Потом глаза ее потускнели, стали серыми, черными, но так и не закрылись. Грудь волчицы опала и застыла.
4
«Это смерть», — поняла я. Встала на ноги, шагнула к волчице. Толкнула в зверину лоб — и сук под ней обломился.
Недавний враг мой лежал на траве, кровь животного смешивалась с водой, омывала мои ноги. Я присела в эту похожую на разбавленное вино жидкость. Пахло вкусно и остро.
Набрала влагу в ладони, выпила.
Тут заметила, что живот волчицы пуст, как пусты и обвислые, изгрызенные соски ее.
«У нее детеныши, — поняла я. И вспомнила, как дней десять тому назад Антонио похвалялся, что побывал в Волчьем распадке и ранил там копьем матерого волка. — Самец погиб, а самка вышла на охоту. Потому и напала на человека».

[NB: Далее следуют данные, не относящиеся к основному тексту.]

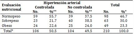Resulta válido destacar que 50,5 % de los pacientes mantenían las cifras de presión arterial controladas y, de estos, 55,7 % clasificaron como normopeso y 44,3 % como sobrepeso y obesos, lo cual constituye un factor de riesgo para la enfermedad de base. Por su parte, 49,5 % no mantenían dichas cifras controladas y 62,5 % se encontraba por encima del peso adecuado (tabla 4).
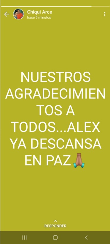 “Nuestros agradecimientos a todos… Alex ya descansa en paz”, fue lo que escribió Arce en su estado de WhatsApp.

Солнце село. Мокрое платье прилипло к телу и студило. Я сняла его, сполоснула во все той же окрашенной кровью воде, отжала, одела опять. Теперь, знала я, надо бежать, чтобы тело разогрелось и высушило платье. Не то простыну — и мне конец.
«В прошлом году у нас в деревне умер так священник — отец Леонардо, — подумала, помню, я. — Свалился спьяну в речку, а после выбрался на берег да так под кустиком и уснул. Утром кашлять стал, а через две недели его уже отпевали…»
Побежала, подпрыгивая, крутя руками, словно мельница, чувствуя при этом, как тепло разливается по плечам, скользит между лопаток, протекает по груди, животу, и уж потом по ногам, обхлестываемым долго не желающим высыхать подолом.
Я бежала все время вперед, ожидая, что вот-вот выскочу на знакомую тропинку, чтобы после нестись уже по ней в сторону той дальней деревушки, где в крайнем домике жила моя матушка, такая добрая и такая любимая, тихо прядущая нить по вечерам и поющая тоскливые песни о красавицах-синьорах, ждущих своих женихов да мужей, которые отправились в таинственные страны Востока, чтобы завоевать сердца своих дам на поле брани.
Я была еще слишком юна, чтобы долго и сильно переживать прошедшие страхи. Я бежала и громко кричала боевую песню тосканских лучников, очень удачно ложащуюся в такт моим диким прыжкам и моему бегу, радуясь, что жива, что вот-вот увижу матушку, как вдруг…
… я оказалась опять у того же самого Волчьего распадка возле трупа волчицы, отражающей два маленьких месяца в черной бездне не закрывшихся, растекшихся во всю ширь глаз зрачков.
— Мама! — тихо вскрикнула я.
И лес мне ответил спокойным сытым эхом: «Мама!»
В траве что-то зашуршало, а из кроны ясеня ухнул сыч.
Месяц затянуло облаком — и зрачки волчицы потухли.
Я сделала назад шаг, другой, потом повернулась к трупу зверя спиной, и полезла вверх по косогору.
Мне все еще казалось, что я убегу, оставив навеки этот распадок, чтобы никогда больше не появляться в нем. Земля под ногами осыпалась, мелкие камешки и корешки застревали между пальцев босых ног и больно кололи, заставляя двигаться проворней.
Наконец, рукой я ухватилась за стволик орешника и, подтянувшись, выкарабкалась на гребень. Здесь при свете выглянувшего из-за тучи полумесяца увидела под огромным валуном нечто похожее на маленькую пещерку. Наклонилась…
На меня пахнуло теплом, запахом прелых листьев и еще чем-то диким и гадким, отчего в голове моей замутилось, ко рту от желудка потекла волна тошноты.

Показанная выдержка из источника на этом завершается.